----- Exercise materials -----

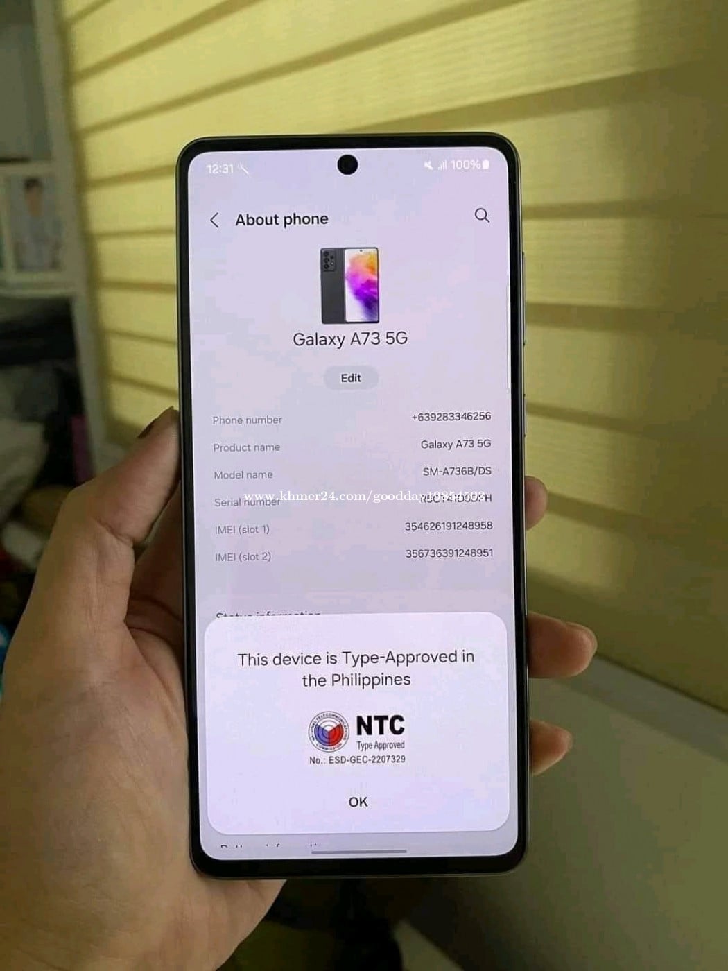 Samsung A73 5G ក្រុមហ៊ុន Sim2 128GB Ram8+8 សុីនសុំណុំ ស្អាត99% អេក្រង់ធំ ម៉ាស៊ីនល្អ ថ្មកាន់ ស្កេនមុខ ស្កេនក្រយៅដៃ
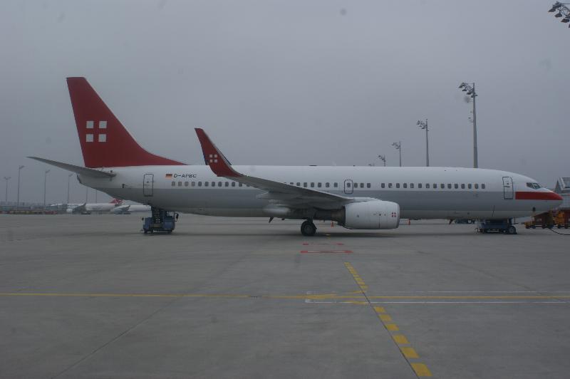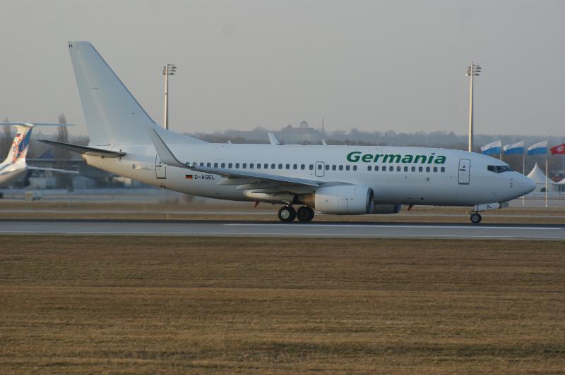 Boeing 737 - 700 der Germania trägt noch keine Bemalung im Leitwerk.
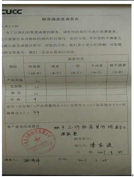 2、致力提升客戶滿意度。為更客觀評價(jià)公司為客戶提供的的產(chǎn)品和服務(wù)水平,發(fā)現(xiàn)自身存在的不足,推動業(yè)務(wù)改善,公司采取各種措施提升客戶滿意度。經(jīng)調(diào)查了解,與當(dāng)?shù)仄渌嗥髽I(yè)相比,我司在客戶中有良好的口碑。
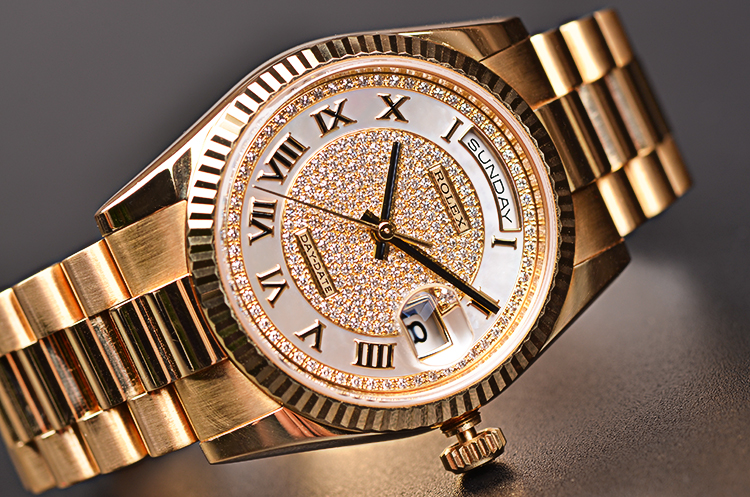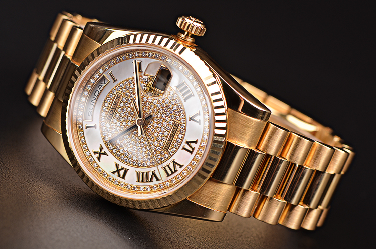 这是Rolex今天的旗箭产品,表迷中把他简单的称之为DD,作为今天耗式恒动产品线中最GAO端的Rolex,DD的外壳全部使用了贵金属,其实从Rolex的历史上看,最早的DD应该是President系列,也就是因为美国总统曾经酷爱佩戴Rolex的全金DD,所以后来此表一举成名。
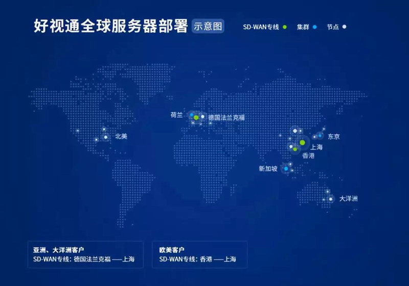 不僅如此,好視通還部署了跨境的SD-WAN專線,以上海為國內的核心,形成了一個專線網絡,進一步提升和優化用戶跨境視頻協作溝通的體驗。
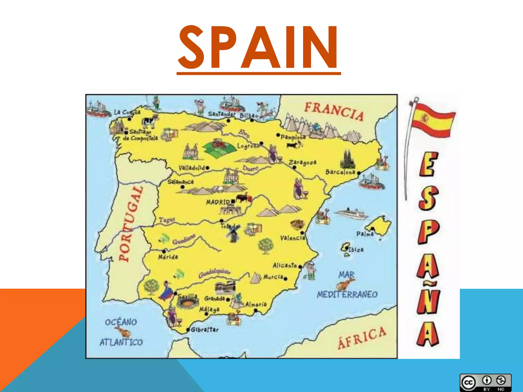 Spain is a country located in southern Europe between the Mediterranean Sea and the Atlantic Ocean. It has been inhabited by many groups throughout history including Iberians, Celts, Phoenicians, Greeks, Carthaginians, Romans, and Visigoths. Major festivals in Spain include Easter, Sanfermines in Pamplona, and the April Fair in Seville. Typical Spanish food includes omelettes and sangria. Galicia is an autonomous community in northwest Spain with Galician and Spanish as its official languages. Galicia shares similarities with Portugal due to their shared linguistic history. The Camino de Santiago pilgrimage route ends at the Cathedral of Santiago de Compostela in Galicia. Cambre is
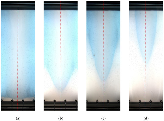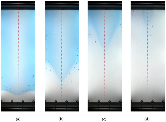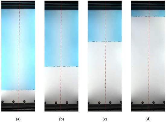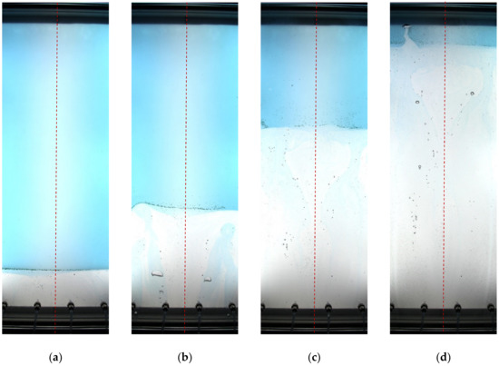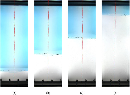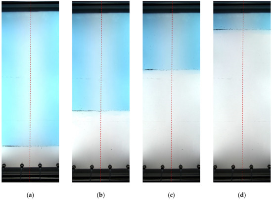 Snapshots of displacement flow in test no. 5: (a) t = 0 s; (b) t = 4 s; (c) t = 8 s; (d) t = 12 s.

-----
----- Exercise materials -----

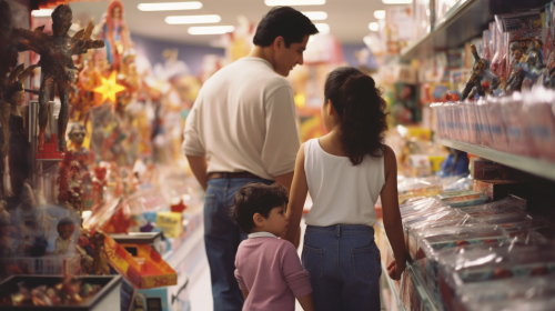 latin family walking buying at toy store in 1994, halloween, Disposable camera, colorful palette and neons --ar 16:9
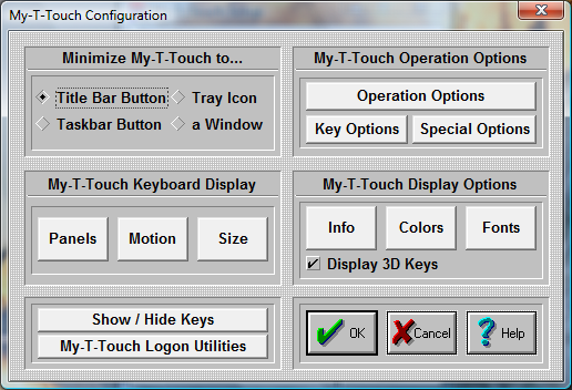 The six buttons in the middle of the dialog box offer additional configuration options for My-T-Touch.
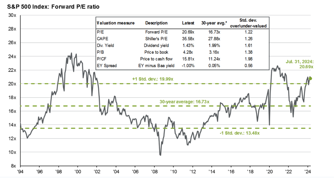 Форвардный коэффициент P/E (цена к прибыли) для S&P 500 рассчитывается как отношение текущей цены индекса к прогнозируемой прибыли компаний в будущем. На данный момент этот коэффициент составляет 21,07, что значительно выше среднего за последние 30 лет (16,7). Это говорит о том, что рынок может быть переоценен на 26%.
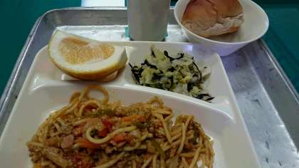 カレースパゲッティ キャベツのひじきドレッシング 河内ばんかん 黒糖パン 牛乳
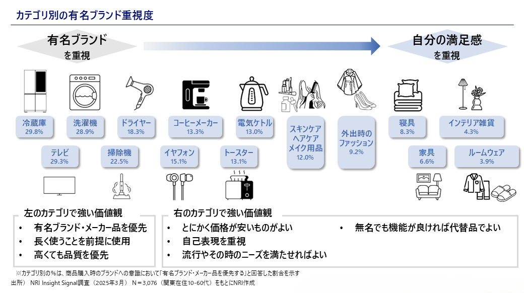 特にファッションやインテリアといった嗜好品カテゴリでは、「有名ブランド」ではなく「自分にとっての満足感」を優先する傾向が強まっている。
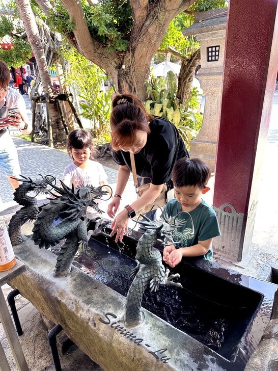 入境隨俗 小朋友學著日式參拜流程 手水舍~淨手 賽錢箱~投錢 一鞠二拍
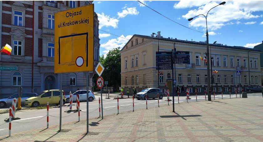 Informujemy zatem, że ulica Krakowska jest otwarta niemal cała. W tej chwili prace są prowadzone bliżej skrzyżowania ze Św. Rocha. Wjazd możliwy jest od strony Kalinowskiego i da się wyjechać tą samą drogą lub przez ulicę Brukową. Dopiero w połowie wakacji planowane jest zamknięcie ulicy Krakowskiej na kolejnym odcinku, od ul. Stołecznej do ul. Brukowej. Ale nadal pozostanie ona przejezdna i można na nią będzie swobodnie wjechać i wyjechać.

-----

# [Problem to solve]
Give back exactly the lines above that run from the one with "Samsung A73 5G" to the one with "2、致力提升客戶滿意度。為更", including both, with the pictures left out.

# [Result]
 Samsung A73 5G ក្រុមហ៊ុន Sim2 128GB Ram8+8 សុីនសុំណុំ ស្អាត99% អេក្រង់ធំ ម៉ាស៊ីនល្អ ថ្មកាន់ ស្កេនមុខ ស្កេនក្រយៅដៃ
 Boeing 737 - 700 der Germania trägt noch keine Bemalung im Leitwerk.
 2、致力提升客戶滿意度。為更客觀評價(jià)公司為客戶提供的的產(chǎn)品和服務(wù)水平,發(fā)現(xiàn)自身存在的不足,推動業(yè)務(wù)改善,公司采取各種措施提升客戶滿意度。經(jīng)調(diào)查了解,與當(dāng)?shù)仄渌嗥髽I(yè)相比,我司在客戶中有良好的口碑。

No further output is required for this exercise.